◆ **Material for this exercise**:
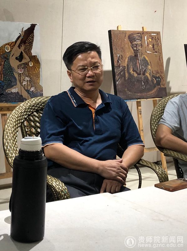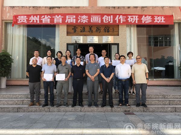 本网讯 2020年8月26日上午,在pp电子游戏官网美术与设计学院在雪涯美术馆心举行了“贵州省首届漆画创作研修班”结业典礼。此次培训活动邀请了著名漆画家江书荣先生作为创作培训导师对我院十余名教师进行了为期35天的培训。从现场摆放完成作品有近二十余幅,作品制作精美,富有漆画艺术语言特征,同时还具备较高的艺术水准。此次培训得到了学校领导的大力支持和鼓励,美术与设计学院也从人员组织、经费支持、后勤保障、带头创作等方面也给予了大力帮助。pp电子游戏官网学术与设计学院领导班子及参与创作培训的教师参加了此次结业典礼。结业典礼由造型研究中心执行主任伍鹏举主持。
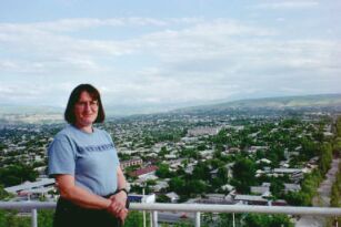 Our training sessions were held in the 3000+ year old town of Osh, which is at the eastern end of the Ferghana Valley along the Silk Road. (Colleague Spee Braun on Suliman Mountain overlooking Osh.) 25 women attended from 4 locations on our third meeting. The sponsoring Kyrgyzstani organization, Foundation for Tolerance International (FTI) had, as usual, organized everything seamlessly. (Photo: FTI's Raya Kadyrova and Anara Eginalieva with other group members.) The groups had been going full tilt since we last worked with their leaders at the University of Delaware in January 2001. They'd some lively new women members and had tackled exciting projects. One group monitored the local border crossing situation and actually got a few of the more abusive guards fired and crossing rules regularized. Another had a meeting after Sept 11 about terrorism that attracted 400 attenders from their mountainous rural region. Other groups are getting women the legal information they need about domestic violence, and all the groups are sources of good information for communities that have no TV, no radio, no newspapers, no libraries, no internet. This time, against high odds, they'd managed to get a woman from Uzbekistan and 2 women from Tadjikistan These closely-related groups have been cruelly separated by new and arbitrary national boundaries after the USSR was dismantled. Weak economies have caused serious disrepair of infrastructure and an increase in drug smuggling and fundamentalist Islam among unemployed young men. As a result, dormant ethnic differences in the region have heated up. (See ISAR's excellent one-page overview of the Ferghana Valley situation.) The women have found themselves dealing with officials at all levels, and gave full attention to my sessions on negotiation skills and about gender and age dynamics in conflict. We spent significant time discussing men and violence. Almost all warfare and most violence is perpetrated by men--what does that mean for women in their lives and in their organizing work? There was political uproar in Kyrgyzstan the week we were there. Police had killed a number of peaceful demonstrators several weeks before, and in response 10,000 (!) people came to block the one and only mountain pass road between the Ferghana Valley and the capital city to the north. The prime minister and other key officials resigned. The crowd dissipated when rain came.... nonviolent tactics winning for the moment. We spent late nights talking about what the women might do to help the current volatile situation. The final evening was a blow-out party, with toasts, skits, poems, songs, reams of gifts, and delicious dancing. Peacemaking work carried out in well-organized community, with compelling goals, external support, and a good dose of playfulness, is what keeps these strong women going. |
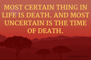 MOST CERTAIN THING IN LIFE IS DEATH. AND MOST UNCERTAIN IS THE TIME OF DEATH.
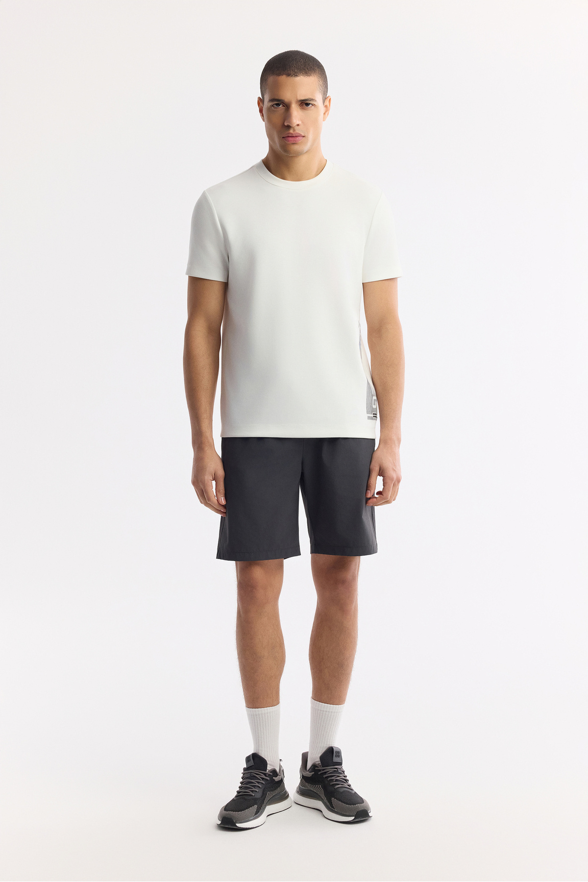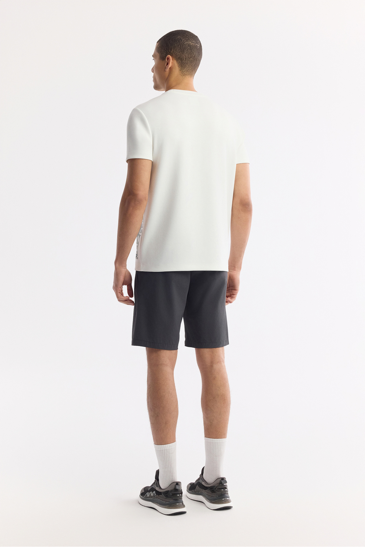 تی شرت مردانه یقه گرد سفید طرح دار دو کشباف اینترلاک سایز معمولی A51Y1136
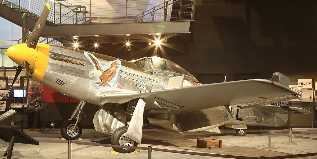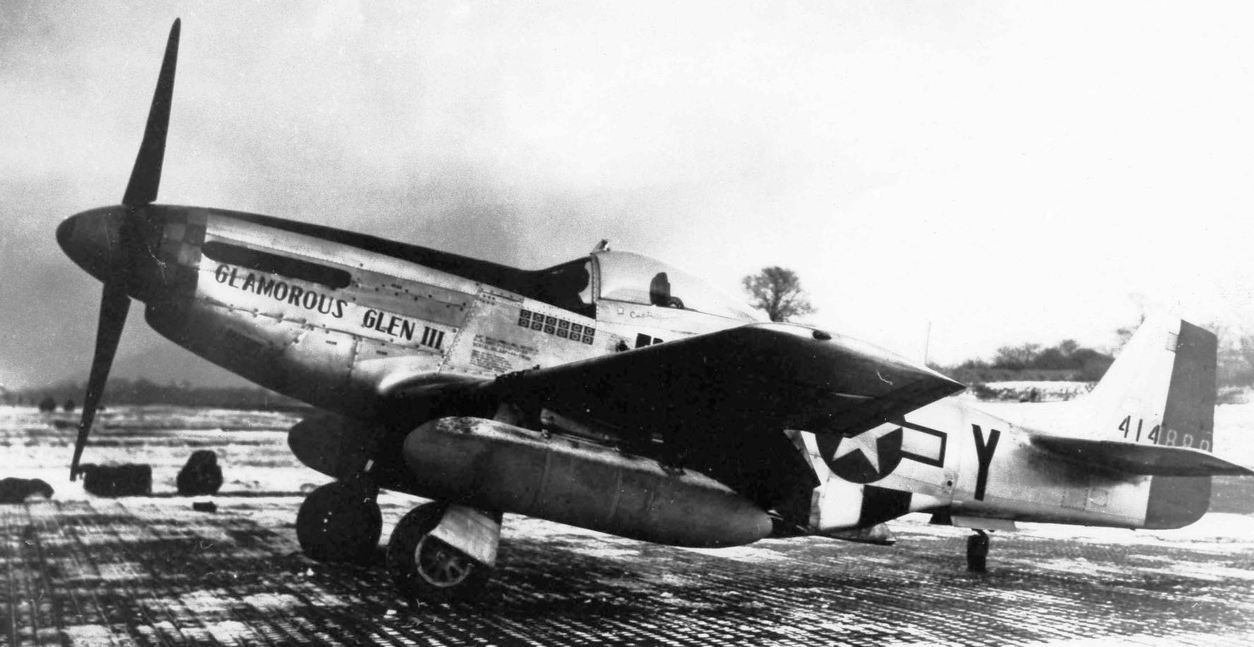 North American P-51D-10NA Mustang (Serial No. 44-14888), “Glamourous Glen III” of the 8th AF, 357th FG, 363rd FS, flown by Chuck Yeager when he achieved most of his 12.5 kills, including two Me 262s, shown here with twin 108-gallon (409-l) drop tanks fitted in England during the Second World War, ca winter of 1944/1945.
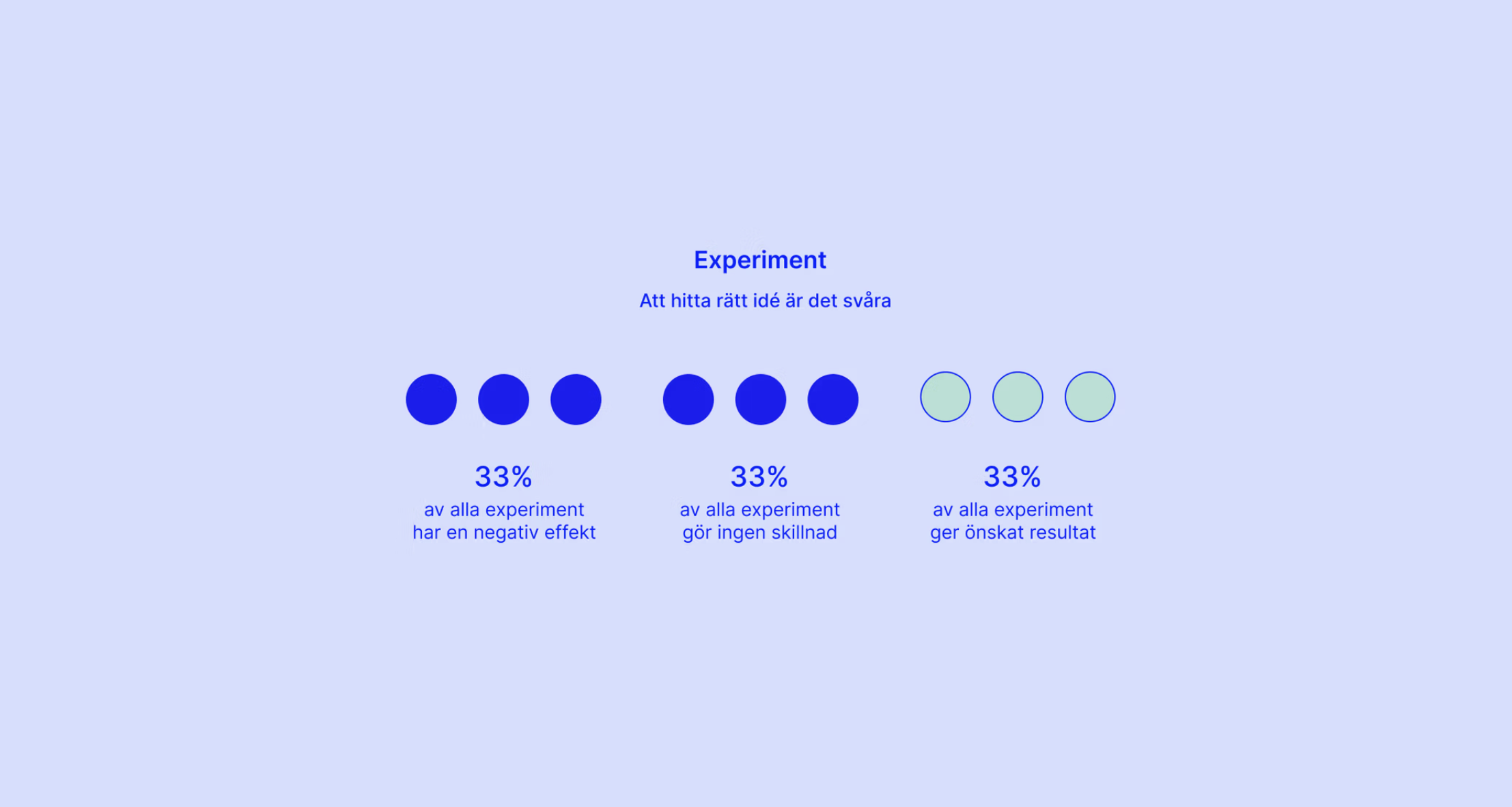 Experiment inom digital produktutveckling är en systematisk process för att testa hypoteser, validera antaganden, förstå användarbeteende och utvärdera potentiella förändringar av en produkt. Metodiken bygger på att sätta tydliga mål, designa tester med mätbara resultat och analysera resultat för att informera datadrivna beslut - och lära oss vad som fungerar och inte.

◆ **Exercise prompt**:
Repeat the material exactly and drop each image.

◆ **Task result**:
 本网讯 2020年8月26日上午,在pp电子游戏官网美术与设计学院在雪涯美术馆心举行了“贵州省首届漆画创作研修班”结业典礼。此次培训活动邀请了著名漆画家江书荣先生作为创作培训导师对我院十余名教师进行了为期35天的培训。从现场摆放完成作品有近二十余幅,作品制作精美,富有漆画艺术语言特征,同时还具备较高的艺术水准。此次培训得到了学校领导的大力支持和鼓励,美术与设计学院也从人员组织、经费支持、后勤保障、带头创作等方面也给予了大力帮助。pp电子游戏官网学术与设计学院领导班子及参与创作培训的教师参加了此次结业典礼。结业典礼由造型研究中心执行主任伍鹏举主持。
 Our training sessions were held in the 3000+ year old town of Osh, which is at the eastern end of the Ferghana Valley along the Silk Road. (Colleague Spee Braun on Suliman Mountain overlooking Osh.) 25 women attended from 4 locations on our third meeting. The sponsoring Kyrgyzstani organization, Foundation for Tolerance International (FTI) had, as usual, organized everything seamlessly. (Photo: FTI's Raya Kadyrova and Anara Eginalieva with other group members.) The groups had been going full tilt since we last worked with their leaders at the University of Delaware in January 2001. They'd some lively new women members and had tackled exciting projects. One group monitored the local border crossing situation and actually got a few of the more abusive guards fired and crossing rules regularized. Another had a meeting after Sept 11 about terrorism that attracted 400 attenders from their mountainous rural region. Other groups are getting women the legal information they need about domestic violence, and all the groups are sources of good information for communities that have no TV, no radio, no newspapers, no libraries, no internet. This time, against high odds, they'd managed to get a woman from Uzbekistan and 2 women from Tadjikistan These closely-related groups have been cruelly separated by new and arbitrary national boundaries after the USSR was dismantled. Weak economies have caused serious disrepair of infrastructure and an increase in drug smuggling and fundamentalist Islam among unemployed young men. As a result, dormant ethnic differences in the region have heated up. (See ISAR's excellent one-page overview of the Ferghana Valley situation.) The women have found themselves dealing with officials at all levels, and gave full attention to my sessions on negotiation skills and about gender and age dynamics in conflict. We spent significant time discussing men and violence. Almost all warfare and most violence is perpetrated by men--what does that mean for women in their lives and in their organizing work? There was political uproar in Kyrgyzstan the week we were there. Police had killed a number of peaceful demonstrators several weeks before, and in response 10,000 (!) people came to block the one and only mountain pass road between the Ferghana Valley and the capital city to the north. The prime minister and other key officials resigned. The crowd dissipated when rain came.... nonviolent tactics winning for the moment. We spent late nights talking about what the women might do to help the current volatile situation. The final evening was a blow-out party, with toasts, skits, poems, songs, reams of gifts, and delicious dancing. Peacemaking work carried out in well-organized community, with compelling goals, external support, and a good dose of playfulness, is what keeps these strong women going. |
 MOST CERTAIN THING IN LIFE IS DEATH. AND MOST UNCERTAIN IS THE TIME OF DEATH.
 تی شرت مردانه یقه گرد سفید طرح دار دو کشباف اینترلاک سایز معمولی A51Y1136
 North American P-51D-10NA Mustang (Serial No. 44-14888), “Glamourous Glen III” of the 8th AF, 357th FG, 363rd FS, flown by Chuck Yeager when he achieved most of his 12.5 kills, including two Me 262s, shown here with twin 108-gallon (409-l) drop tanks fitted in England during the Second World War, ca winter of 1944/1945.
 Experiment inom digital produktutveckling är en systematisk process för att testa hypoteser, validera antaganden, förstå användarbeteende och utvärdera potentiella förändringar av en produkt. Metodiken bygger på att sätta tydliga mål, designa tester med mätbara resultat och analysera resultat för att informera datadrivna beslut - och lära oss vad som fungerar och inte.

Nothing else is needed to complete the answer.